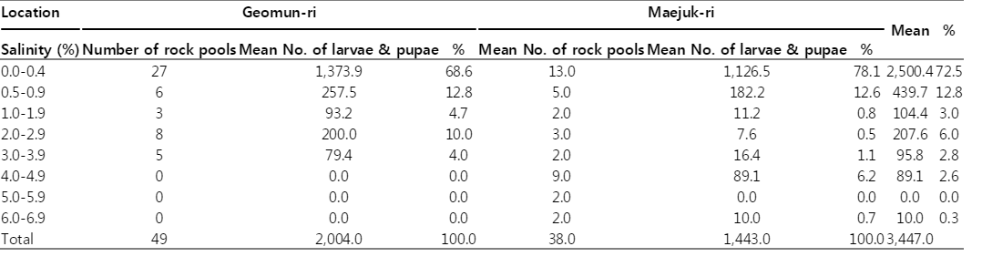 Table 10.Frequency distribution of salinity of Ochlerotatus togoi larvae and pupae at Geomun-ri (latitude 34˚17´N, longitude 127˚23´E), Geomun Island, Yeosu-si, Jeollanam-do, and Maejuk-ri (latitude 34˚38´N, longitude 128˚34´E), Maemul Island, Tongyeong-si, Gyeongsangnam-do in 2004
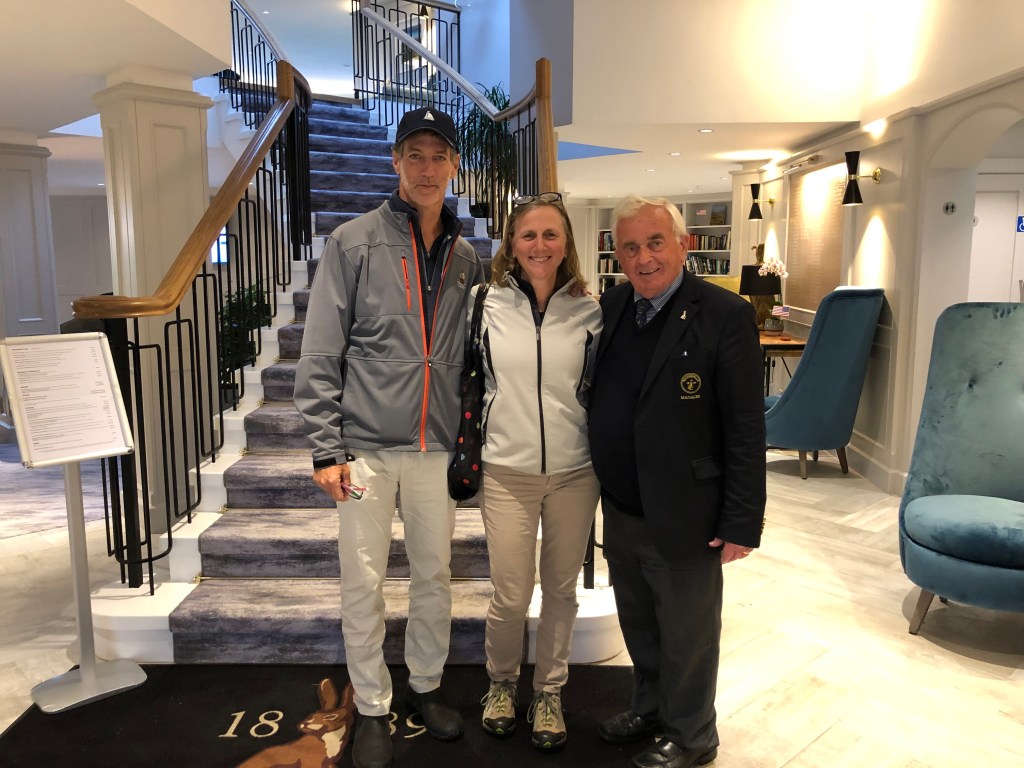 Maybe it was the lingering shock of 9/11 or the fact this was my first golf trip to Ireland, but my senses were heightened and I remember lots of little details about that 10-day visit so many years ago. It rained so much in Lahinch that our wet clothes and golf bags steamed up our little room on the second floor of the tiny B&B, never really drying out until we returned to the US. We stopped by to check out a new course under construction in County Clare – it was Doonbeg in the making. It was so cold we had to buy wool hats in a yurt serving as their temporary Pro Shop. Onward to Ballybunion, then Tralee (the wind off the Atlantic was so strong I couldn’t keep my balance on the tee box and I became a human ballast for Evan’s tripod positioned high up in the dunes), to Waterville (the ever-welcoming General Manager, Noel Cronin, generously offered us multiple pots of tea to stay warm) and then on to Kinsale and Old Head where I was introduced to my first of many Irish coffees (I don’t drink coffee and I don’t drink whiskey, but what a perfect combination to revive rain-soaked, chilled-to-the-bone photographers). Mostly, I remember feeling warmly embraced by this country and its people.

==

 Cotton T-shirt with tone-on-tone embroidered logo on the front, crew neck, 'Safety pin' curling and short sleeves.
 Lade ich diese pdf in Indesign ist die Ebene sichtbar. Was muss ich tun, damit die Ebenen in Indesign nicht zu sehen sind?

> _EXERCISE PROMPT_
Take the entries above and copy exactly the lines starting at the one with "Table 10.Frequency distribution" and ending at the one with "Maybe it was"; nothing outside that span, and no pictures.

> _RESULT OF THIS TASK_
 Table 10.Frequency distribution of salinity of Ochlerotatus togoi larvae and pupae at Geomun-ri (latitude 34˚17´N, longitude 127˚23´E), Geomun Island, Yeosu-si, Jeollanam-do, and Maejuk-ri (latitude 34˚38´N, longitude 128˚34´E), Maemul Island, Tongyeong-si, Gyeongsangnam-do in 2004
 Maybe it was the lingering shock of 9/11 or the fact this was my first golf trip to Ireland, but my senses were heightened and I remember lots of little details about that 10-day visit so many years ago. It rained so much in Lahinch that our wet clothes and golf bags steamed up our little room on the second floor of the tiny B&B, never really drying out until we returned to the US. We stopped by to check out a new course under construction in County Clare – it was Doonbeg in the making. It was so cold we had to buy wool hats in a yurt serving as their temporary Pro Shop. Onward to Ballybunion, then Tralee (the wind off the Atlantic was so strong I couldn’t keep my balance on the tee box and I became a human ballast for Evan’s tripod positioned high up in the dunes), to Waterville (the ever-welcoming General Manager, Noel Cronin, generously offered us multiple pots of tea to stay warm) and then on to Kinsale and Old Head where I was introduced to my first of many Irish coffees (I don’t drink coffee and I don’t drink whiskey, but what a perfect combination to revive rain-soaked, chilled-to-the-bone photographers). Mostly, I remember feeling warmly embraced by this country and its people.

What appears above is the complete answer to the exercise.